The data:
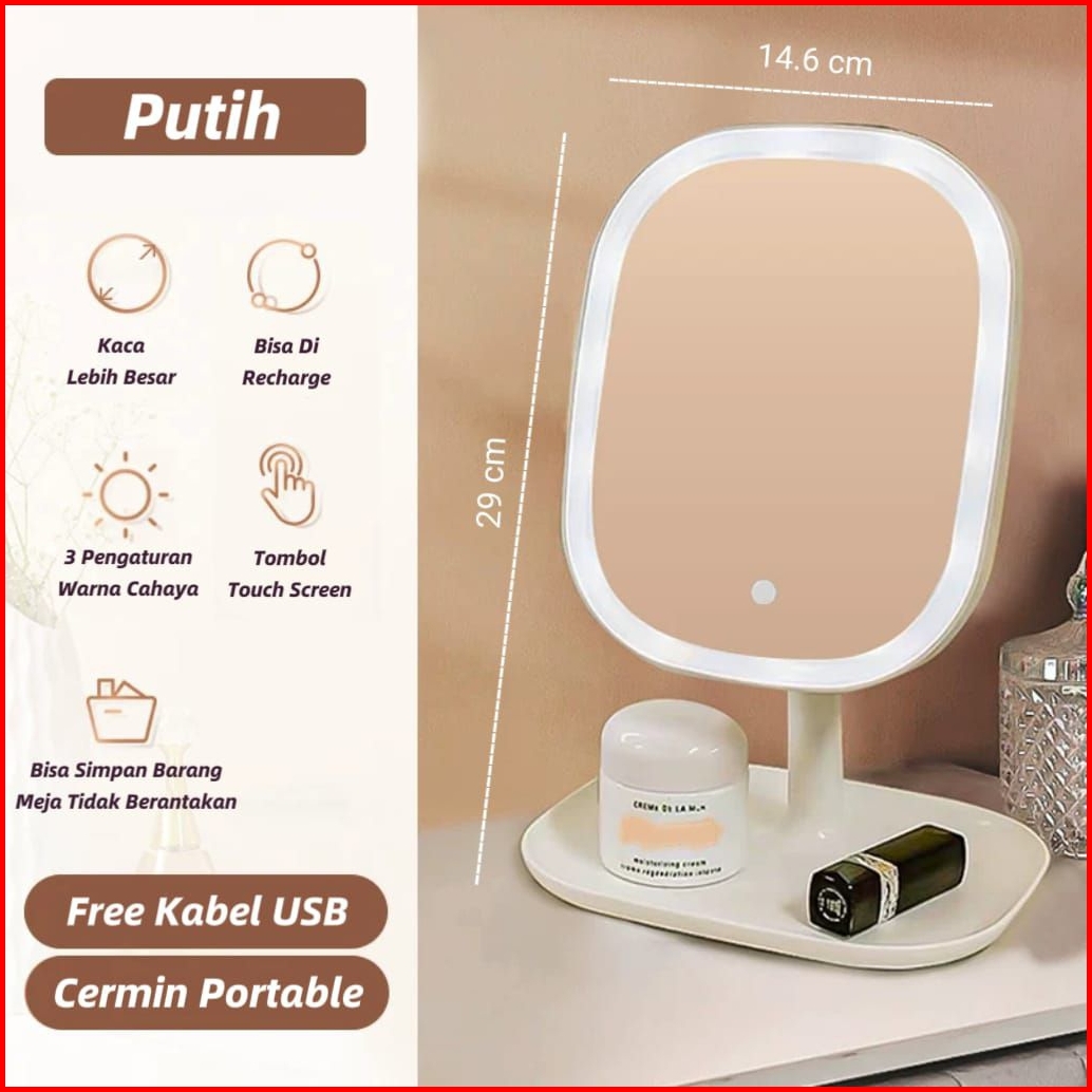 Cermin Rias Led Kaca Makeup Led Portable Mirror Rechargeable Panda99
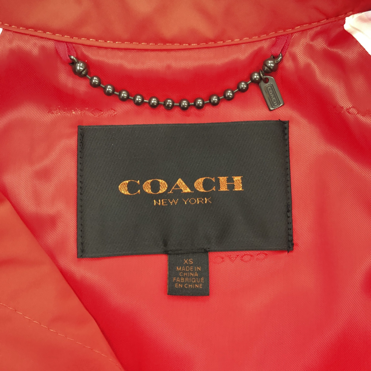 COACH コーチ ラバーロゴワッペン ナイロン ミドルトレンチコート XSサイズ レッド ベルト付
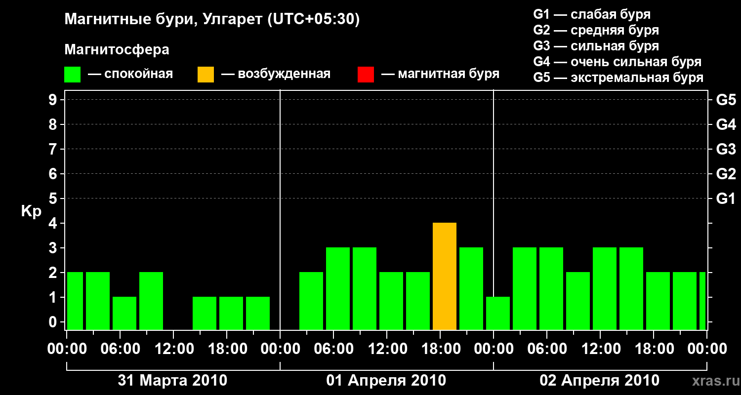 Магнитные бури в Улгарете — 2 апреля 2010 года
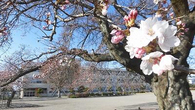 ここのところ寒い日が続いていますが、少しずつ開き始め美しい姿を見せてくれています。始業式、入学式頃、満開になるといいなあと願っているところです。下から2枚目の写真の青空の色が、とても素敵だなあと心を奪われました。やはり桜と青空は日本の象徴ですね。「令和」の意味を深く実感しています。

Work instruction: Write out every line above exactly, minus images.

Written answer:
 Cermin Rias Led Kaca Makeup Led Portable Mirror Rechargeable Panda99
 COACH コーチ ラバーロゴワッペン ナイロン ミドルトレンチコート XSサイズ レッド ベルト付
 Магнитные бури в Улгарете — 2 апреля 2010 года
 ここのところ寒い日が続いていますが、少しずつ開き始め美しい姿を見せてくれています。始業式、入学式頃、満開になるといいなあと願っているところです。下から2枚目の写真の青空の色が、とても素敵だなあと心を奪われました。やはり桜と青空は日本の象徴ですね。「令和」の意味を深く実感しています。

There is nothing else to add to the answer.